Все эти дни приходятся на зимний период, когда волки особенно опасны для домашнего скота и человека, и с ними связано множество запретов, касающихся большей частью пользования колющими и вообще острыми предметами, напоминающими волчьи зубы или пасть, а также разных видов женской работы, в первую очередь связанной с шерстью, то есть со скотом. Так, на Трифунци в Болгарии запрещалось открывать ножницы; в Сербии, в окрестностях Болевца, на Дмитрия Солунского запрещалось открывать ножницы для стрижки овец; <...> в селах Литаково, Лесидрен, Кнежа на „волчьи“ праздники перевязывали чесалку для шерсти (дарака), чтобы связать волку пасть на год; в окрестностях Охрида волкам „связывают пасть“ (вързват устата) несколько иначе. Для этого собирают гребни и соединяют их вместе, просунув зубья одного между зубьями другого. <...> В Словении, в Зильской и Каналской долинах, совершались обряды, рассчитанные на отпугивание волков: в канун праздника Трех королей (Tri kralji) дети обходили село с козьими колокольчиками. Такая процессия могла ходить по деревне в течение всего дня до поздней ночи.

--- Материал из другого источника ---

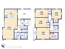 | 間取り | 4LDK 間取り内訳:リビングダイニングキッチン 17.3帖(1階)・洋室 7帖(2階)・洋室 5.6帖(2階)・洋室 5帖(2階)・洋室 4.5帖(2階) |
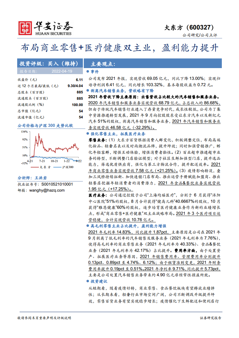 布局商业零售+医疗健康双主业,盈利能力提升
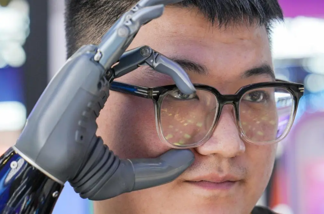 图片2025年7月17日,在北京举行的第三届中国国际供应链促进博览会上,浙江强脑科技有限公司一名右手残疾的工作人员在佩戴了BrainCo智能仿生手后摘取眼镜。新华社记者 鞠焕宗 摄
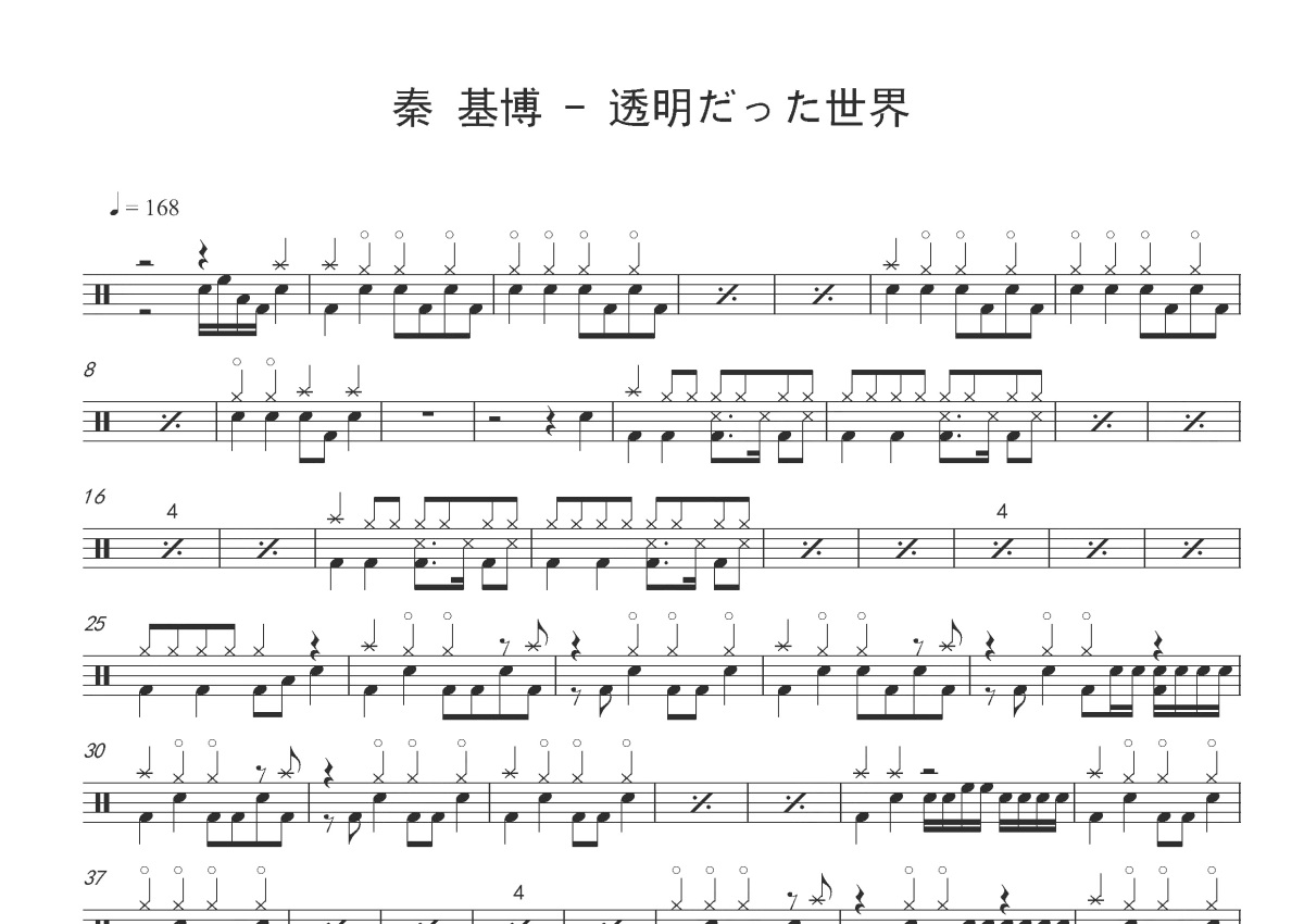秦 基博《透明だった世界》鼓谱 - 架子鼓谱

Другие обряды, совершаемые в это же время, позволяют говорить о своего рода культе волка, которому приносятся жертвы. В болгарских селах Чупрене, Стакьовци, Вылкова-Слатина это были лепешки, на которых делалось символическое изображение овец в загоне, пастуха и волков, а в Ручпосе на Васильев вечер (31 декабря) варили фасоль и пекли два хлеба (колак): один для медведей, другой для волков. <...> В Болгарии, в Башче-Махала, в Трифонов день на площади делали из сосен арку, на которую вешали чучело волка, набитое соломой, распростертого орла, топор, лопату, кирку, садовый нож, сухой виноград и принесенную из церкви икону. Затем на площади закалывали и варили корову. Тут же происходили соревнования борцов» [Мороз 2000. С. 78‒80].

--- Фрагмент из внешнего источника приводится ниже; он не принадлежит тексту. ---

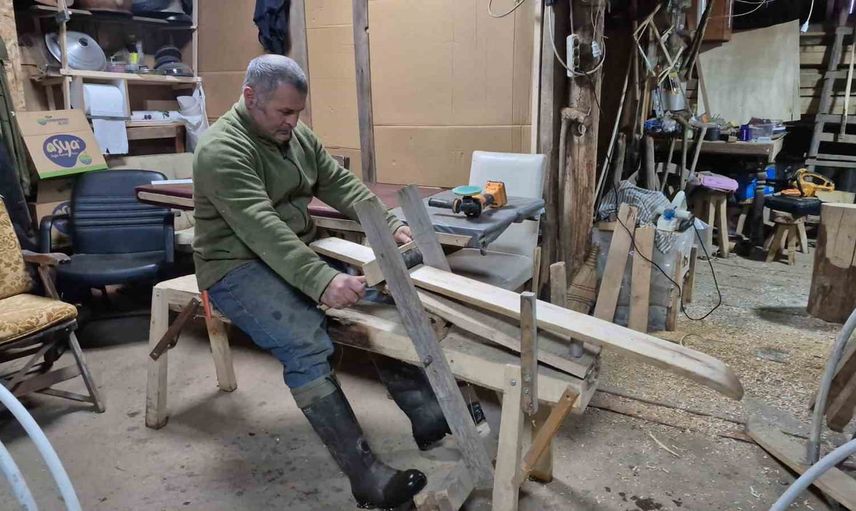 'Mevsimine göre karda kaymak için kayak takımları yapıyorum. Kırılan balta ve kazma saplarını yapıyorum. Dededen babadan gördüğüm öğrendiklerimi uyguladım. Daha önce sopalardan yapıyorduk. Bu kez tutma yerlerini PVC borulardan yaptım. Kayak takımlarını geçmişte fındık sopasından yapıyorduk. Kırılıyordu, çabucak deforme oluyordu. Bu sebeple PVC borularla yapmaya karar verdim. Bu daha güzel oldu. Elim daha iyi kavradı. Görüntüsü de güzel oldu. Bu şekilde eskiye yenilik katmış olduk.' dedi.

Этнолингвистический словарь «Славянские древности» сообщает: «ВОЛЧЬИ ДНИ, волчьи праздники — у юж. славян календарные праздники и периоды, посвященные защите от волков. Первый цикл В[олчьих] д[ней] у болгар (вълчите, вучки, въкови празници, вълкови деня), в меньшей степени у сербов (вучjи празник, Алексинацкое Поморавье) охватывает промежуток времени со дня св. Мартина (11.XI), откуда распространенное название цикла (ср. болг., серб. мартинци, мратинци, макед. мратињака), изредка со дня св. Дмитрия Солунского (26.X) до св. Саввы (5.ХІІ), почитаемого сербами и защитником от волков, и их покровителем. В целом В[олчьи] д[ни] приходились на ноябрь — начало декабря (ср. серб. вучьји месец, чеш. vlčenec ՙдекабрь՚). Наиболее существенными для В[олчьих] д[ней] днями являются Введение (21.ХІ), называемое в Болгарии также Вълчата богородица, и день св. Филиппа (24.ХІ). Продолжительность В[олчьих] д[ней] в каждой традиции колеблется от трех до восьми дней. При этом первая их половина скоромная, а вторая постная, поскольку часто В[олчьи] д[ни] приходятся на рубеж заговенья и Филиппова (рождественского) поста. Праздники могли быть персонифицированы в образах волков, наиболее опасным из которых считался Хромой (болг. куцулан) или Кривой (Благоевградский окр.), появлявшийся в первый день. Вторым важным циклом В[олчьих] д[ней] было начало февраля, т.н. Трифунци, Трифонци (болг., серб.). Праздновались также и некоторые другие дни.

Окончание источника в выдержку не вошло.